И вот они бродили по городу, где было жителей около ста тысяч, куда больше, чем в Петербурге; по городу, где на мощеных ровных улицах катились кареты, где в трактирах спускали скитальцы морей золотые и серебряные монеты чеканки всех казначейств Европы, а в окнах опрятных домов можно было видеть пригожих девиц, скромно склонившихся над вязаньем.
Поздним вечером Василий, растеряв товарищей, завернул в портовую харчевню. Он взял пива и разговорился с двумя толстощекими датчанами, которые, смеясь и попыхивая сигарками, кое-как калякали на чудовищном жаргоне из немецких и русских слов. Разговорчивый Василий и не приметил, как датчане, перемигнувшись, подлили ему в пиво водки. И тут подсел к столу юркий молодец в бархатном кафтане. Молодец так и сыпал по-русски: он, оказывается, живал в Риге. Захмелевший Василий совсем уж распахнул душу, называл всех трех собеседников «милок» и рассказывал о ростовской ярмарке, о детишках, оставшихся в Нижнем. Толстощекие цыкали языком, а бархатный кафтан приговаривал:
— Ничефо, брат, мы это попрафим, нн-чефо…
И «поправил».
Было уже за полночь, на рейде моргали судовые огни, когда юркий молодец, убеждая Василия, что везет его на русский корабль, преспокойно доставил гуляку на какой-то парусник, где Баранщикова, раба божьего, взяли весьма нецеремонно за ворот, сволокли в трюм да и заковали в железы.

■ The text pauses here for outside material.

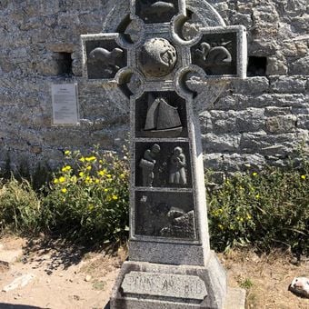 Dieses Kreuz zeigt die Verschmelzung frühchristlicher Symbolik mit keltischen Kunstelementen und präsentiert das regionale Erbe Nordwestfrankreichs.

Вот и все. Пришла беда — отворяй ворота.
В трюме жили крысы. Им, наверное, не так уж худо жилось посреди бочек с солониной и сухарями, но они были очень жадны, эти корабельные крысы, и всё норовили урвать кус из оловянных мисок, что ставил перед пленниками датский матрос в фуфайке, закатанной по локти.
Далеко уже был Копенгаген. Миновав Англию, датский корабль вышел в Атлантику. Он держал курс на запад, к лазоревому морю, к зеленому острову, который принадлежал королю Дании Христиану Седьмому. Там, в океане, пленников расковали. Куда они могли деться? Разве в пучину сигануть…
Увидев океан, ахнул нижегородец. Батюшки святы, царица небесная, мыслимо ль этакое! Ну точь-в-точь всемирный потоп. И океанский вал что твои Жигули, и ветер такой, что приведись на Волге, так, кажется, из берегов бы вышла или вспять обратилась, и небо-то, небо такое огромное, что и заволжское, степное, не больше одеяла будет, ей-богу.
Много недель шел датчанин Атлантикой, и не было ни конца ни краю этой водяной бугристой долине, то зеленой, как весенние луга, то бурой, как поле под паром, то густо-синей, как июльский полдень.
Сколько угодно мог глазеть Василий на океан, и сколько угодно мог он слоняться от форштевня до ахтерштевня, от правого борта к левому, и харч был сносный, и табачком матросы иной раз баловали, но все на душе у Василия лежал камень. Эх, хоть один бы россиянин был тут! Не было тут ни одного россиянина, кроме него самого, Василия Баранщикова. Были тут чужеземные мужики — кто с серьгой в ухе, кто с трубкой в зубах, кто в вязаном колпаке, а кто в широкополой шляпе, кто в сапогах с раструбами, а кто в башмачищах с каблуками и пряжками.
День ото дня жарче палило солнце. Огромные звезды страшно пылали в ночах. Налетали дожди, оглушительные и хлесткие. А после дождей натянувшиеся снасти басовито гудели.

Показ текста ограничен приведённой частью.